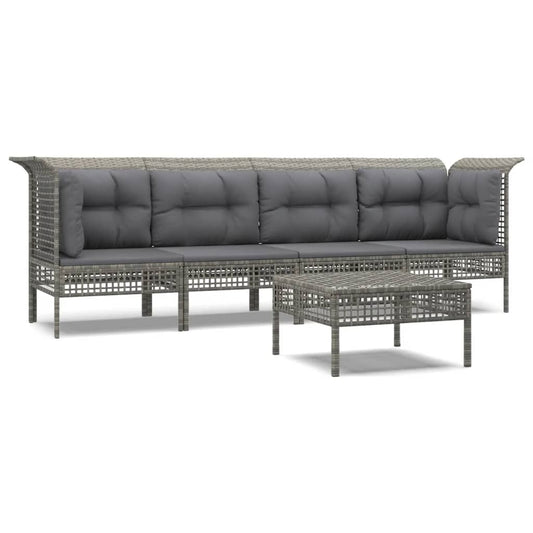 Set Divani da Giardino 5 pz con Cuscini in Polyrattan Grigio
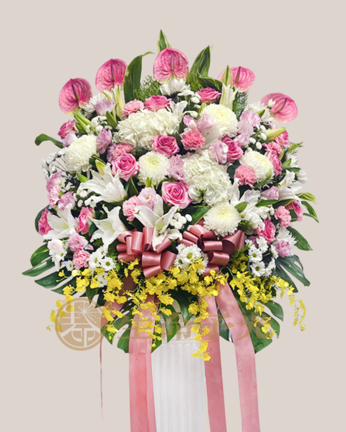 我們提供全台配送花禮服務,專營高架花籃、靈堂花籃、告別式花籃與各式追思會花籃,款式涵蓋白色高架花籃、白百合花籃、粉色系喪禮花籃等熱門選擇。
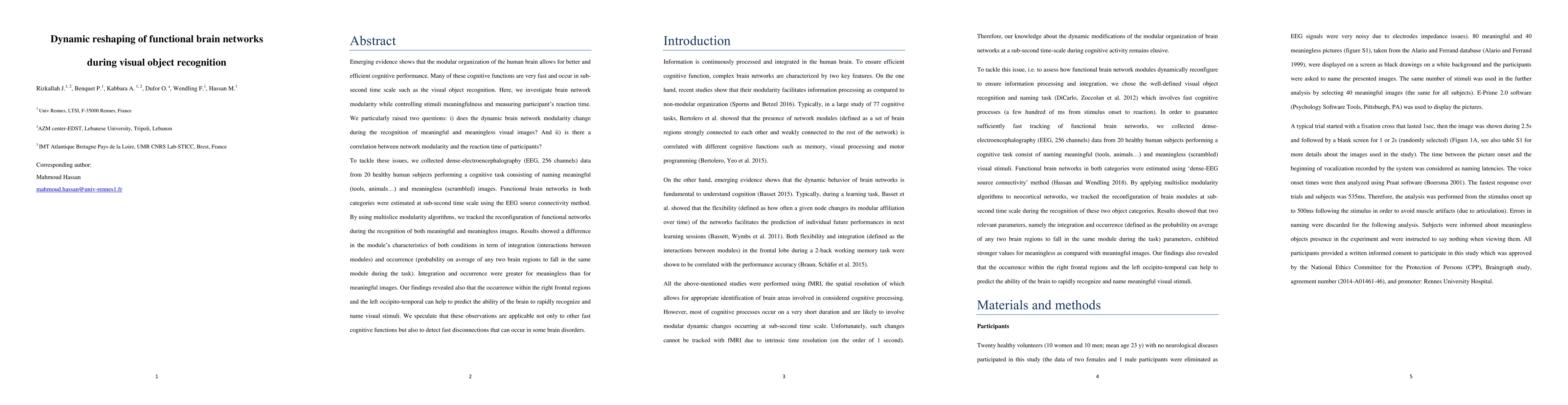 Emerging evidence shows that the modular organization of the human brain allows for better and efficient cognitive performance. Many of these cognitive functions are very fast and occur in subsecond time scale such as the visual object recognition. Here, we investigate brain network modularity while controlling stimuli meaningfulness and measuring participant reaction time. We particularly raised two questions: i) does the dynamic brain network modularity change during the recognition of meaningful and meaningless visual images? And ii) is there a correlation between network modularity and the reaction time of participants? To tackle these issues, we collected dense electroencephalography (EEG, 256 channels) data from 20 healthy human subjects performing a cognitive task consisting of naming meaningful (tools, animals) and meaningless (scrambled) images. Functional brain networks in both categories were estimated at subsecond time scale using the EEG source connectivity method. By using multislice modularity algorithms, we tracked the reconfiguration of functional networks during the recognition of both meaningful and meaningless images. Results showed a difference in the module characteristics of both conditions in term of integration (interactions between modules) and occurrence (probability on average of any two brain regions to fall in the same module during the task). Integration and occurrence were greater for meaningless than for meaningful images. Our findings revealed also that the occurrence within the right frontal regions and the left occipito-temporal can help to predict the ability of the brain to rapidly recognize and name visual stimuli. We speculate that these observations are applicable not only to other fast cognitive functions but also to detect fast disconnections that can occur in some brain disorders.
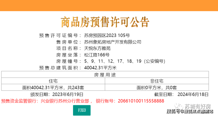 开发商:苏州象拓房地产开发有限公司。天悦东方雅苑售楼处电话:400-9659-259项目备案名:天悦东方雅苑。预售证:苏房预园区202357号、苏房预园区2023105号

━━━━━━━━

* [EXERCISE AIM]: The output is the lines from the start of the data above through the line containing "我們提供全台配送花禮服務,專", unchanged, with any picture left out.

* [SOLUTION FOR THIS TASK]:
 Set Divani da Giardino 5 pz con Cuscini in Polyrattan Grigio
 我們提供全台配送花禮服務,專營高架花籃、靈堂花籃、告別式花籃與各式追思會花籃,款式涵蓋白色高架花籃、白百合花籃、粉色系喪禮花籃等熱門選擇。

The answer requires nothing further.